Since 1997, a reduction in snow has led to wider temperature
differences between the land and ocean during summer. As a
consequence, sea surface winds over the Arabian Sea have
strengthened leading to more intense upwelling and more widespread
blooms of phytoplankton along the coasts of Somalia, Yemen and
Oman.
According to Goes, while large blooms of phytoplankton can enhance
fisheries, exceptionally large blooms could be detrimental to the
ecosystem. Increases in phytoplankton amounts can lead to oxygen
depletion in the water column and eventually to a decline in fish
populations.
The Arabian Sea hosts one of the world’s largest pools of
oxygen-poor water at depths between 200 and 1,000 meters (656 to
3,281 feet).
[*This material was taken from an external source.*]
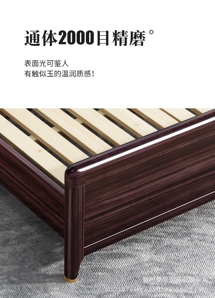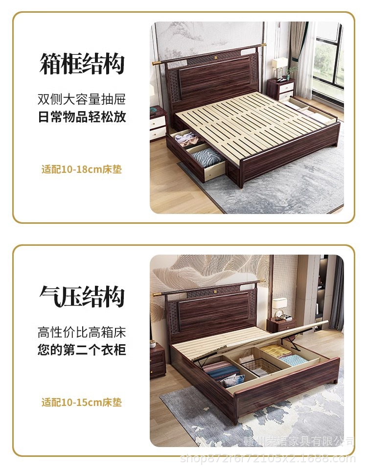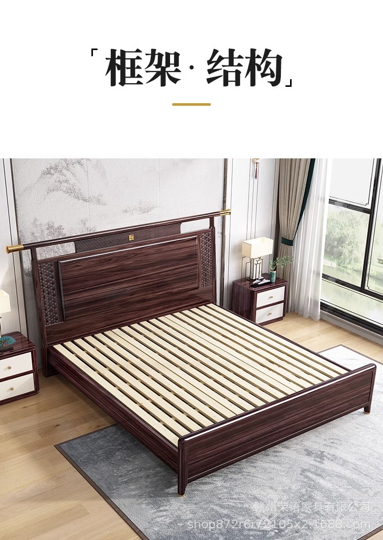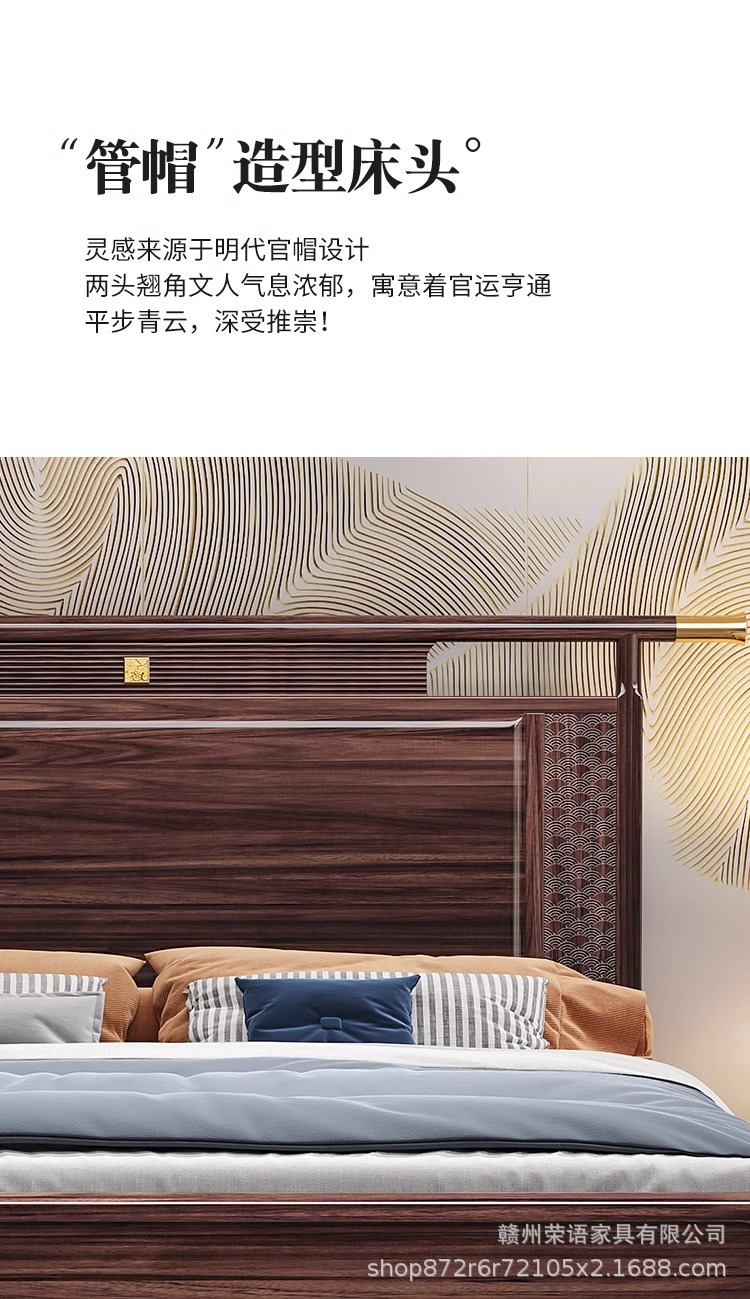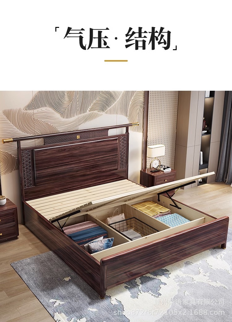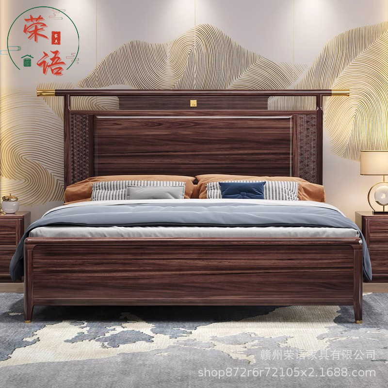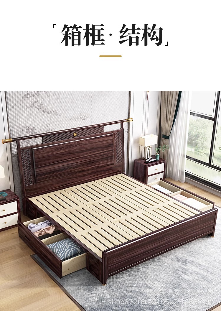 새로운 중국 스타일 Wujin 단단한 나무 침대 1.5 현대 간단한 마스터 침실 공식 모자 더블 퀸 침대 1.8 m 저장 침실 웨딩 침대

Since the Arabian Sea lacks an opening to the north,
the deeper waters are not well ventilated. Also when organic
matter produced by phytoplankton breaks down and decomposes, more
oxygen gets consumed in the process. An increase in phytoplankton
could therefore cause oxygen deficiencies in the Arabian Sea to
spread, leading to fish mortality.
Oxygen-depleted waters also provide the perfect environment for
the growth of a specialized group of bacteria called denitrifying
bacteria. These bacteria convert a nitrogen-based nutrient readily
consumable by plants in seawater, called nitrate, into forms of
nitrogen that most plants cannot use.
One form of nitrogen that plants cannot consume is nitrous oxide,
also known as laughing gas. In the atmosphere, nitrous oxide is
310 times more potent as a greenhouse gas than carbon dioxide.
Thus, as very large phytoplankton blooms deplete more oxygen from
the water, the creation of nitrous oxide in the Arabian Sea could
exacerbate climate change, Goes said.